▸ **Task instructions**
Set down each entry as it stands. Skip the pictures.

▸ **Task material**
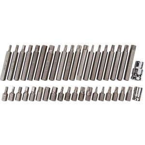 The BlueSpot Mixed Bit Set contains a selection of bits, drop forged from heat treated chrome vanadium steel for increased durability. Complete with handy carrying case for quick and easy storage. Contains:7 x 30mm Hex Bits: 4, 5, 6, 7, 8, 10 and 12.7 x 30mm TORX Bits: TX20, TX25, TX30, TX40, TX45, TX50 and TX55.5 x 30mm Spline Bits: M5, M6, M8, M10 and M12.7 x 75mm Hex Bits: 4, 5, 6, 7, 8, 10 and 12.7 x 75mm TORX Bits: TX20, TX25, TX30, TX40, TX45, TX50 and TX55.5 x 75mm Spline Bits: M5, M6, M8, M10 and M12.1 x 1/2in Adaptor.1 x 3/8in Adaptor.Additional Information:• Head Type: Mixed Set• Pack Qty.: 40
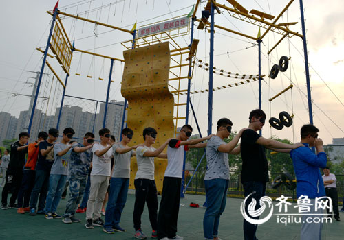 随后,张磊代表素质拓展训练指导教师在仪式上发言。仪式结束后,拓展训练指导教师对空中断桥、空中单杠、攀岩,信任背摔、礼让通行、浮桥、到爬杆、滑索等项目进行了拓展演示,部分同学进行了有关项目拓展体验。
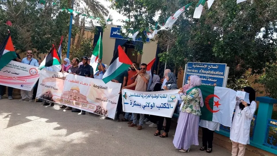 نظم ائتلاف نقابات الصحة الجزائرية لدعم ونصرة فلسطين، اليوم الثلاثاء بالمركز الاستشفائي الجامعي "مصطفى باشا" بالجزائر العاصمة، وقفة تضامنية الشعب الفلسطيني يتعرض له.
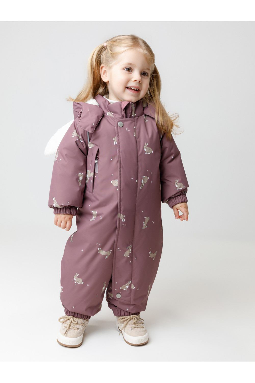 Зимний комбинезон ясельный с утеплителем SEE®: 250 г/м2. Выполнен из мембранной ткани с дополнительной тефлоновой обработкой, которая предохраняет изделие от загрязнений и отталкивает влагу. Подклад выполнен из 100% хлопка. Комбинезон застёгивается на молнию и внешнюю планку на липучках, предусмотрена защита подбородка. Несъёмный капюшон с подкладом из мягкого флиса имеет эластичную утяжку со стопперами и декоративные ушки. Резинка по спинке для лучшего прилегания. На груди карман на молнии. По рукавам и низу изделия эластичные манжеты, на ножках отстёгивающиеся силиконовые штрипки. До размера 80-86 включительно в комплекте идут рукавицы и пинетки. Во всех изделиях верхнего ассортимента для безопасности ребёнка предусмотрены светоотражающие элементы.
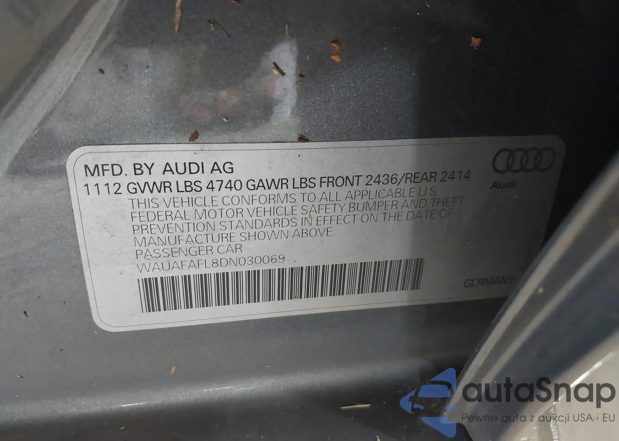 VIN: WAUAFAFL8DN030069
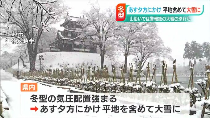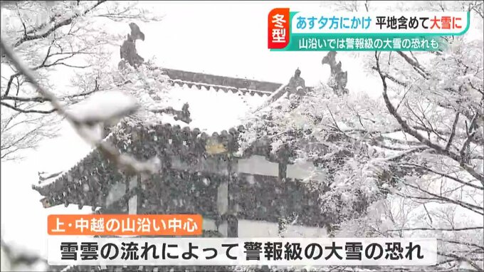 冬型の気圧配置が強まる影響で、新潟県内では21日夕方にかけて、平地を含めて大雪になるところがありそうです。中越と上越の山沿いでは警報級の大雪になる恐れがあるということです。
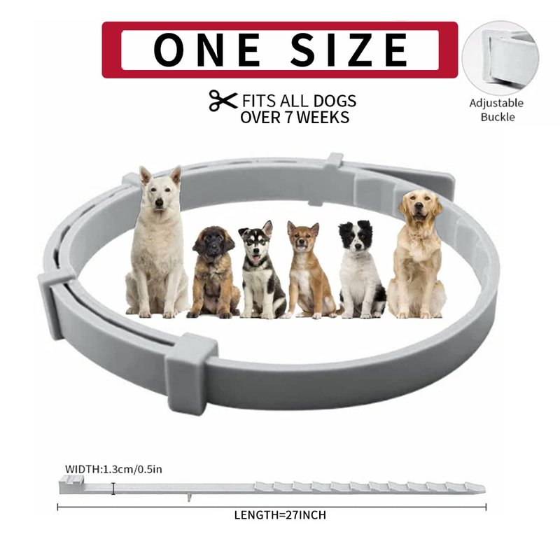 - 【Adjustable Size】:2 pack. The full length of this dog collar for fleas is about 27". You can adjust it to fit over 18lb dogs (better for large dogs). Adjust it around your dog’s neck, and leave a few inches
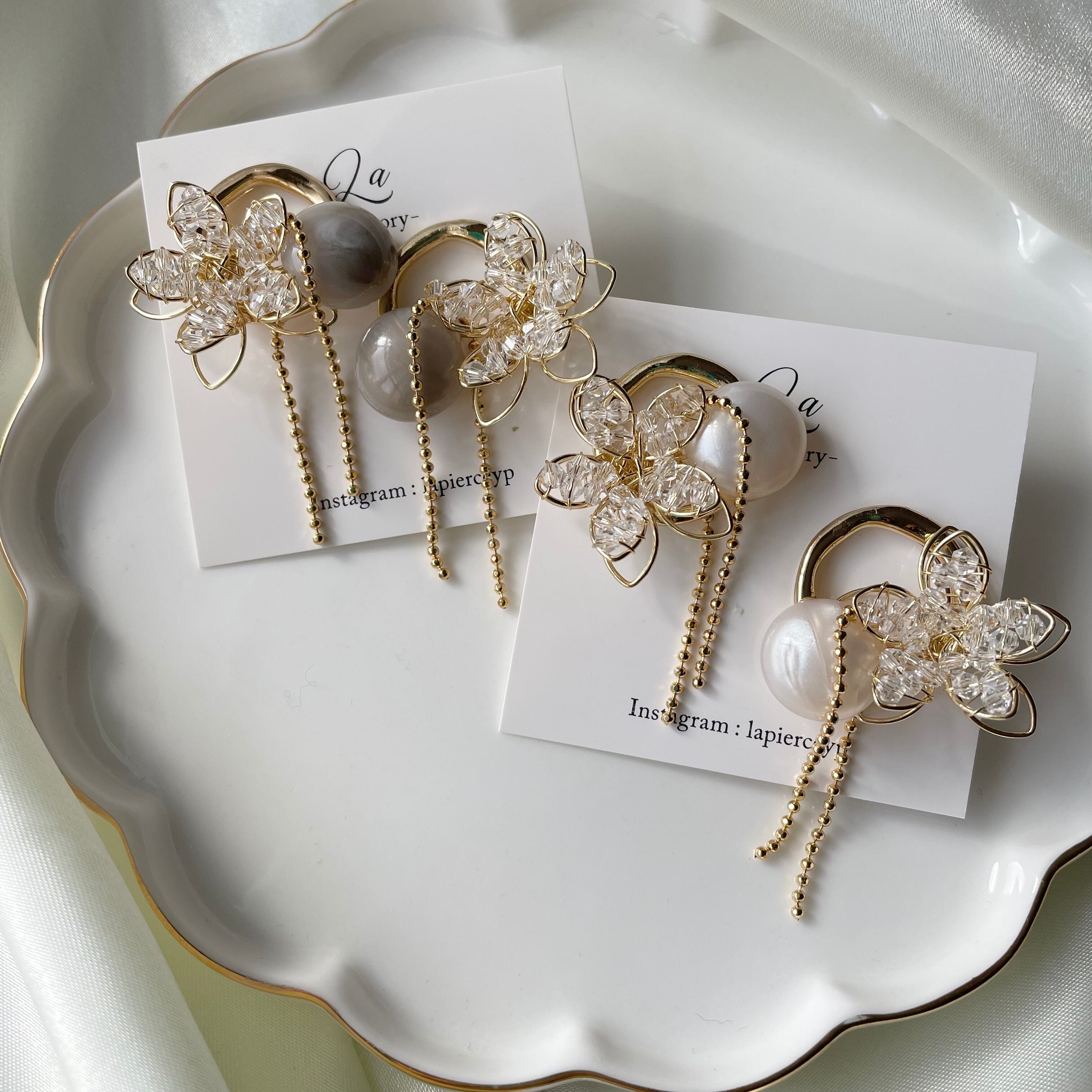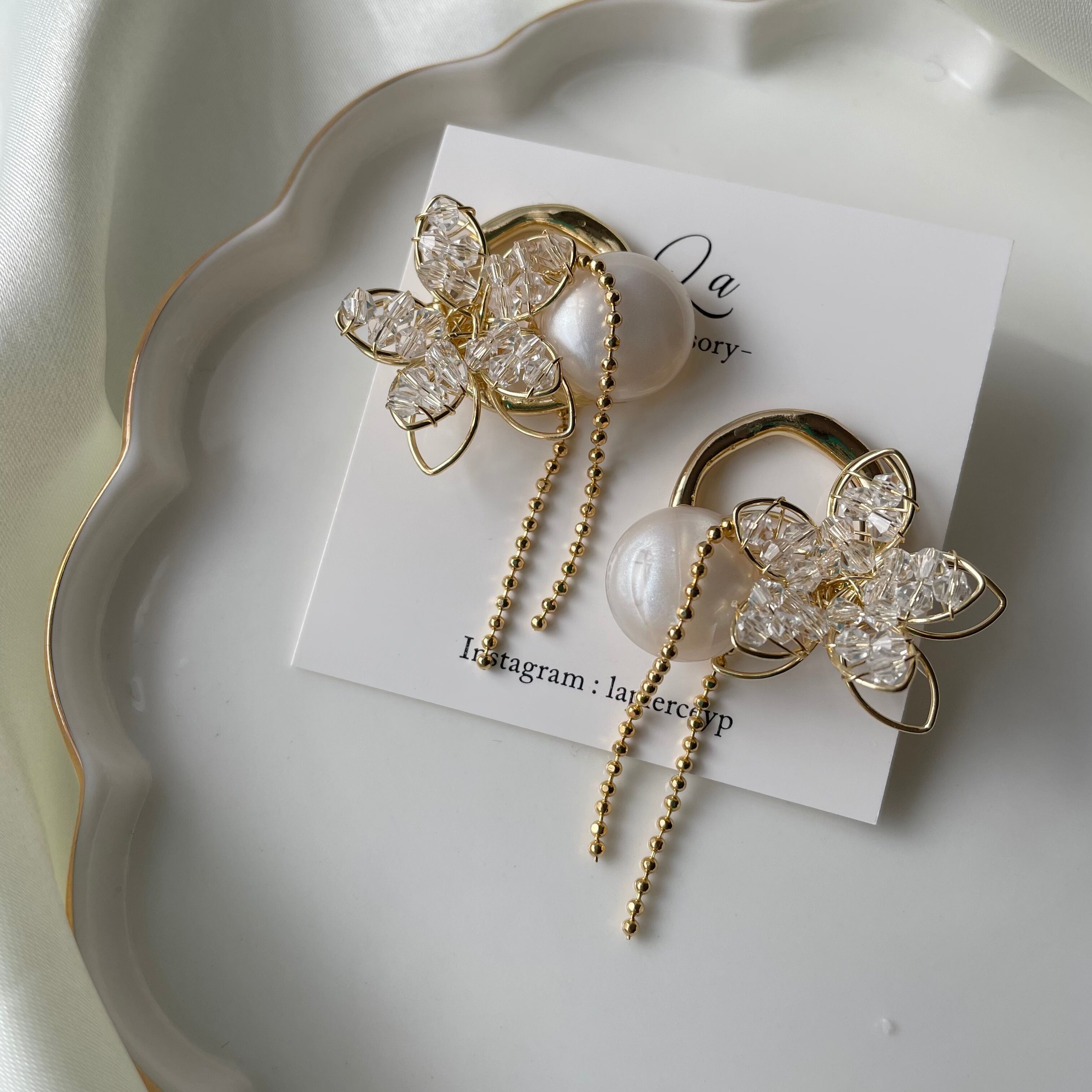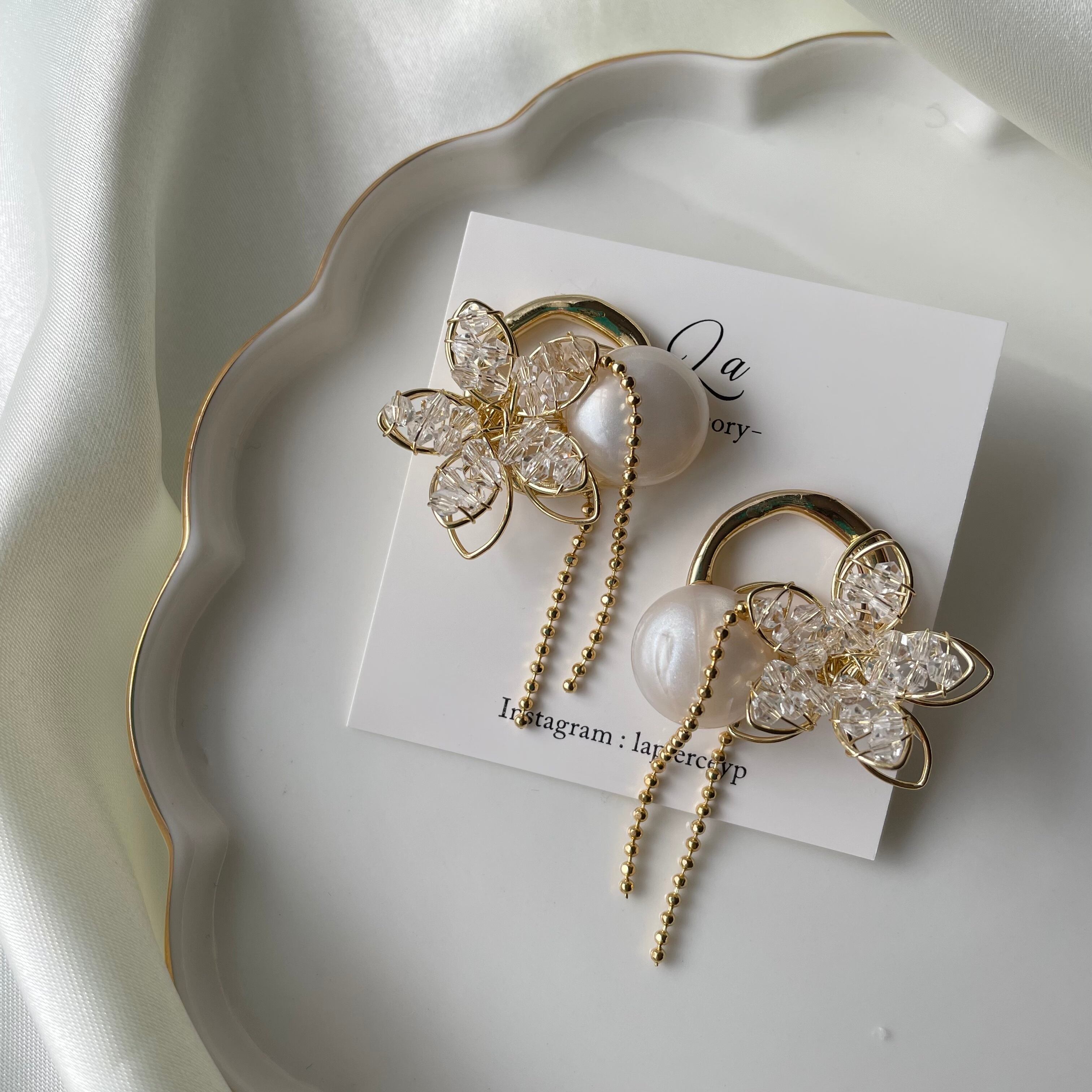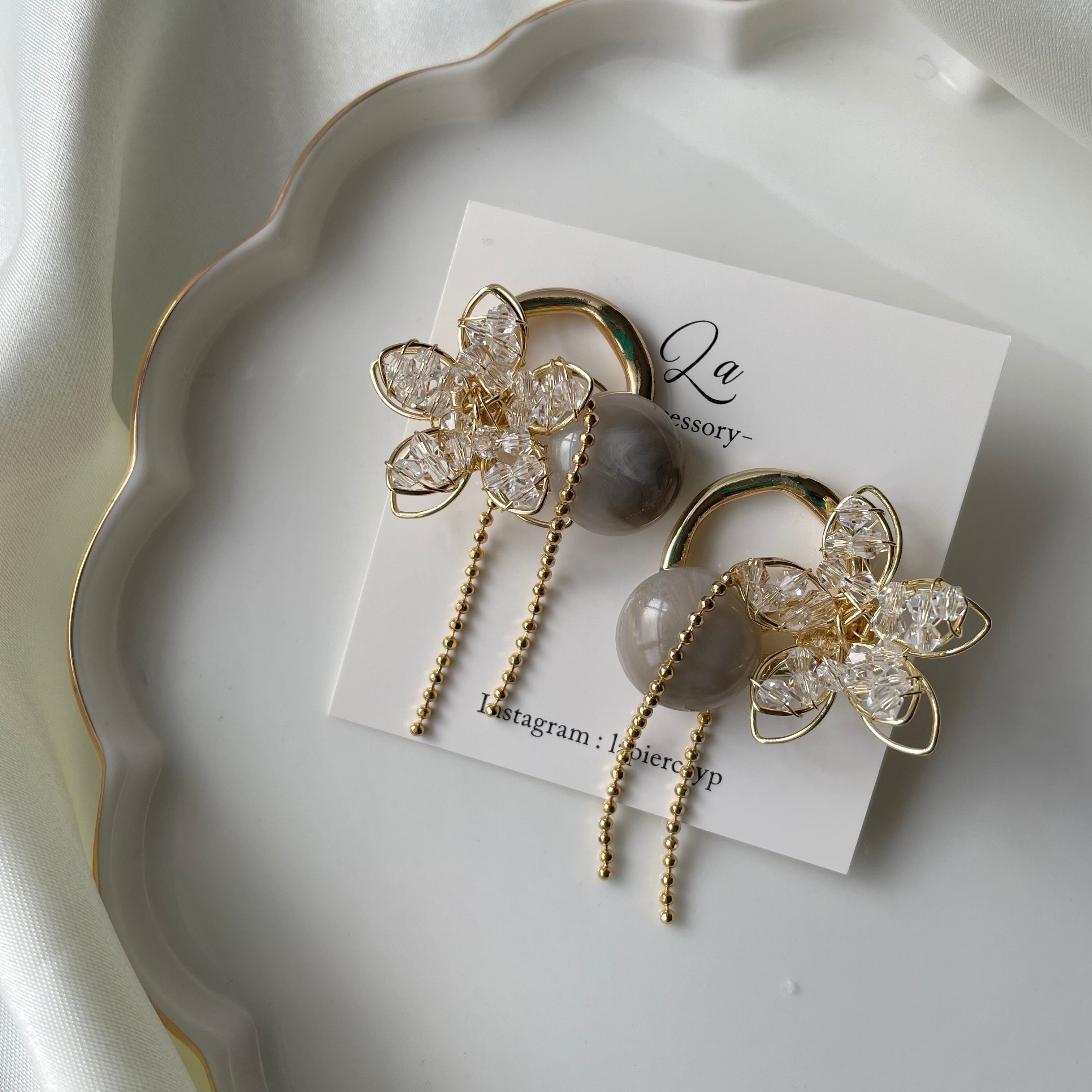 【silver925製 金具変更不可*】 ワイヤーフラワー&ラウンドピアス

▸ **Your response**
 The BlueSpot Mixed Bit Set contains a selection of bits, drop forged from heat treated chrome vanadium steel for increased durability. Complete with handy carrying case for quick and easy storage. Contains:7 x 30mm Hex Bits: 4, 5, 6, 7, 8, 10 and 12.7 x 30mm TORX Bits: TX20, TX25, TX30, TX40, TX45, TX50 and TX55.5 x 30mm Spline Bits: M5, M6, M8, M10 and M12.7 x 75mm Hex Bits: 4, 5, 6, 7, 8, 10 and 12.7 x 75mm TORX Bits: TX20, TX25, TX30, TX40, TX45, TX50 and TX55.5 x 75mm Spline Bits: M5, M6, M8, M10 and M12.1 x 1/2in Adaptor.1 x 3/8in Adaptor.Additional Information:• Head Type: Mixed Set• Pack Qty.: 40
 随后,张磊代表素质拓展训练指导教师在仪式上发言。仪式结束后,拓展训练指导教师对空中断桥、空中单杠、攀岩,信任背摔、礼让通行、浮桥、到爬杆、滑索等项目进行了拓展演示,部分同学进行了有关项目拓展体验。
 نظم ائتلاف نقابات الصحة الجزائرية لدعم ونصرة فلسطين، اليوم الثلاثاء بالمركز الاستشفائي الجامعي "مصطفى باشا" بالجزائر العاصمة، وقفة تضامنية الشعب الفلسطيني يتعرض له.
 Зимний комбинезон ясельный с утеплителем SEE®: 250 г/м2. Выполнен из мембранной ткани с дополнительной тефлоновой обработкой, которая предохраняет изделие от загрязнений и отталкивает влагу. Подклад выполнен из 100% хлопка. Комбинезон застёгивается на молнию и внешнюю планку на липучках, предусмотрена защита подбородка. Несъёмный капюшон с подкладом из мягкого флиса имеет эластичную утяжку со стопперами и декоративные ушки. Резинка по спинке для лучшего прилегания. На груди карман на молнии. По рукавам и низу изделия эластичные манжеты, на ножках отстёгивающиеся силиконовые штрипки. До размера 80-86 включительно в комплекте идут рукавицы и пинетки. Во всех изделиях верхнего ассортимента для безопасности ребёнка предусмотрены светоотражающие элементы.
 VIN: WAUAFAFL8DN030069
 冬型の気圧配置が強まる影響で、新潟県内では21日夕方にかけて、平地を含めて大雪になるところがありそうです。中越と上越の山沿いでは警報級の大雪になる恐れがあるということです。
 - 【Adjustable Size】:2 pack. The full length of this dog collar for fleas is about 27". You can adjust it to fit over 18lb dogs (better for large dogs). Adjust it around your dog’s neck, and leave a few inches
 【silver925製 金具変更不可*】 ワイヤーフラワー&ラウンドピアス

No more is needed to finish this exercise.